Le esigenze rimarcate nella riportata sentenza (evitare “conseguenze più
pesanti”) senz’altro militavano a favore dell’ampliamento della portata del
rimedio dell’opposizione di terzo con estensione della sua attivazione nei
confronti del giudicato cautelare. Di tali esigenze si è resa coerentemente
interprete l’ordinanza n. 115/2010 con la quale la VI sezione del Consiglio di
Stato ha siglato la svolta giurisprudenziale.
VII – L’ “apertura” dimostrata dal Consiglio di Stato verso l’utilizzabilità dello
strumento dell’opposizione di terzo avverso le pronunce cautelari è in piena
coerenza con il diritto comunitario. Ed invero, l’art. 117, primo comma Cost.
impone al legislatore interno l’osservanza dei limiti rivenienti dai “vincoli
derivanti dall’ordinamento comunitario”. Per quest’ultimo “il rispetto del diritto
alla difesa in qualsiasi procedimento promosso nei confronti di una persona e
che possa sfociare in un atto per essa lesivo costituisce un principio
fondamentale del diritto comunitario e dev’essere garantito anche in mancanza
di qualsiasi norma riguardante il procedimento di cui trattasi”.
4La Corte Europea dei Diritti dell’Uomo, con recentissima decisione
5, ha ritenuto
che i procedimenti cautelari devono sottostare alle garanzie dell’equo processo
(e, quindi, del contraddittorio). Osserva la Corte nella motivazione della
sentenza che: “i procedimenti cautelari erano esclusi dalla sfera di azione del
diritto ad un processo equo, ma nel corso del tempo numerosi ordinamenti
nazionali e la giurisprudenza della Corte di Giustizia ve li hanno
progressivamente inclusi. In numerosi casi, inoltre, i provvedimenti cautelari
anticipano gli effetti di una decisione di merito e sono spesso sottratti a
controllo giurisdizionale”. Di qui la necessità di un mutamento di indirizzo,
affermando che: “rientrano nella sfera di azione del diritto ad un processo equo
anche i procedimenti cautelari che si concludano con una decisione, ancorchè
non definitiva”
6.
4 Corte di Giustizia CE, sent. 29.6.1994, causa n. C-135-92.

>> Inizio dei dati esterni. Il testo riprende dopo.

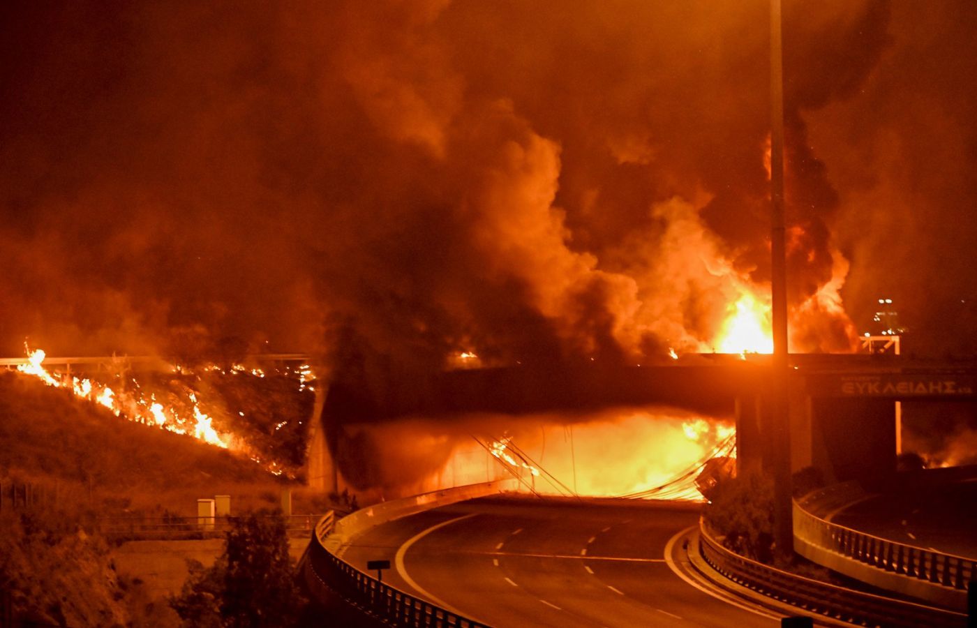 Βυτιοφόρο γεμάτο καύσιμα εξερράγη στη γέφυρα του Ισθμού στην Κόρινθο μετά από τροχαίο με ανατροπή.

5 Corte Europea dei Diritti dell’Uomo, Grande Camera, sent. 15.10.2009, ricorso n. 17056/06.
6 Il Conseil d’Etat ritiene, con giurisprudenza consolidata, che la tierce opposition è consentita pur in
assenza di una espressa previsione normativa e che può essere esclusa soltanto da una disposizione espressa (sent. 3.11.1972), intendendola quale rimedio di carattere generale, esperibile senza distinzione tra decisioni di merito e ordinanze d’urgenza.